North

Tahera Diamond could be bankrupt by spring

Tahera Diamond Corp., the owner of Nunavut's first and only diamond mine, could go bankrupt by April.

Tahera Diamond Corp., the owner of Nunavut's first and only diamond mine, could go bankrupt by April.

On Saturday, Tahera shut down operations at its Jericho mine site, handing over responsibility for the site to the federal Indian and Northern Affairs Department for maintenance and reclamation.

The closure of the mine, which opened in 2006, comes almost one year after Tahera went into court-ordered creditor protection in January, citing insufficient cash to fund its operations.

The company has since been seeking a new buyer of the mine, Tahera's main asset. However, no one has closed a deal on the property to date.

The current economic crisis is not helping Tahera find a buyer, chief restructuring officer Andrew Gottwald told CBC News.

"There are mines closing all the time, and it will certainly make it more difficult to sell the assets," Gottwald said Tuesday.

"The company's funds are limited. Really, we're looking at the next few months in getting a deal done. And if one can't be achieved, then likely the company would stop its activities."

Gottwald said the company will work to find a buyer until its cash runs out in April. After that, he said, the creditor protection would likely be lifted.

When that happens, a company is usually placed in bankruptcy, and creditors can move in and seize the assets.

The Jericho diamond mine is about 360 kilometres southwest of Cambridge Bay in the Kitikmeot region of western Nunavut.

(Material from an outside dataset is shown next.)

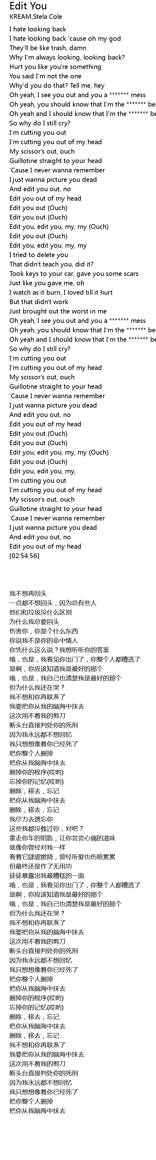 | [02:18.57] | Edit you out (Ouch) |
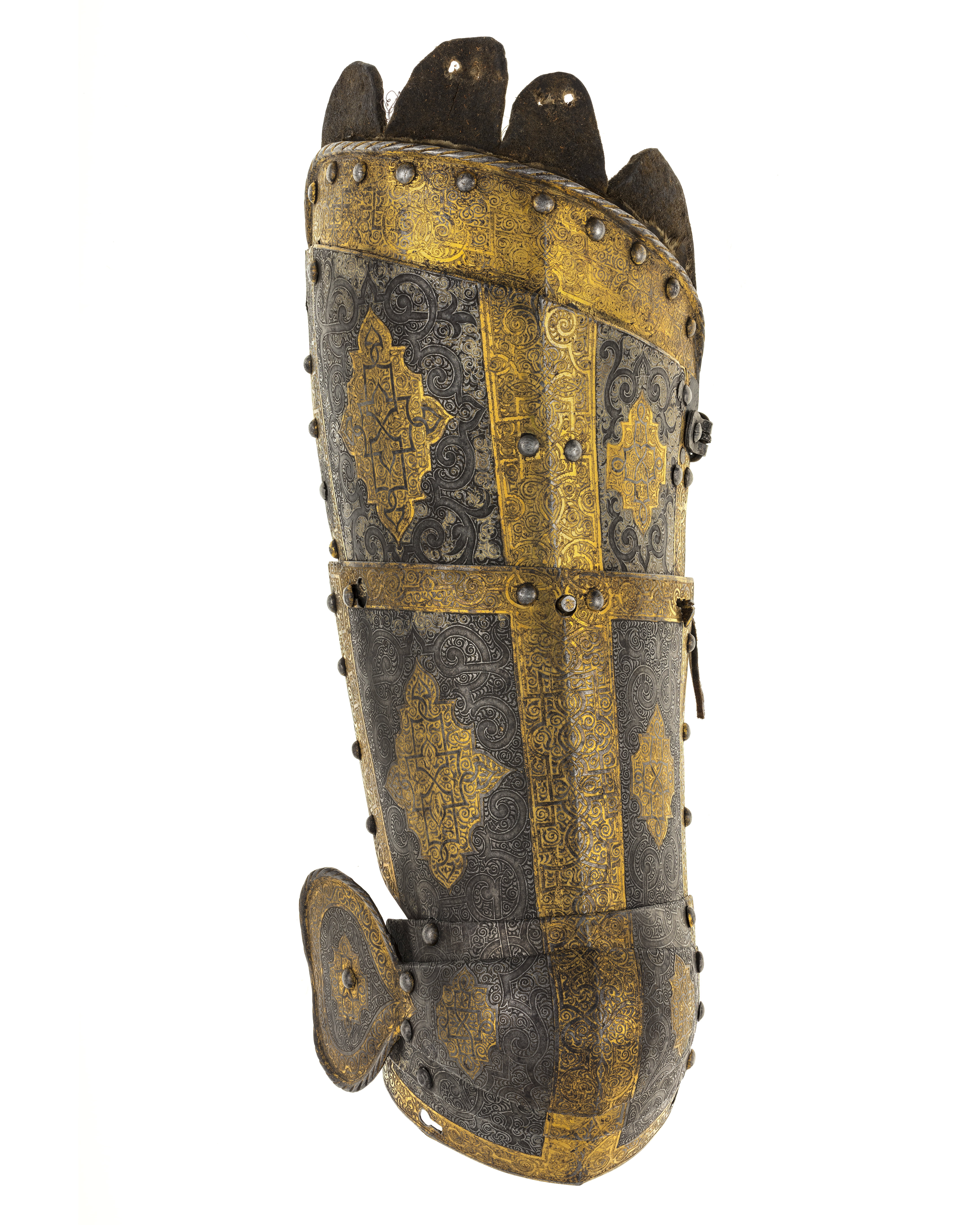 2 Complette Armstycken af drifvit incrusterat Jern med Guld och Silfver

It once had up to 180 employees, but now there are three or four federal employees overseeing care and maintenance of the site.

Remote communities 'hooked into global processes': prof

Arn Keeling, a Memorial University geography professor who studies abandoned mines in northern Canada, said remote communities that depend on mines can often become victims of global business.

"Because they participate in the industrial economy, they are hooked into a set of global processes," Keeling said in an interview.

Keeling said key decisions are usually made thousands of kilometres away from the communities where mines are based. Looking at past failures could teach communites some valuable lessons, he added.

"It might be well worth them taking that time and saying, 'Hold on a minute,' and get themselves into the planning process as early as possible," he said.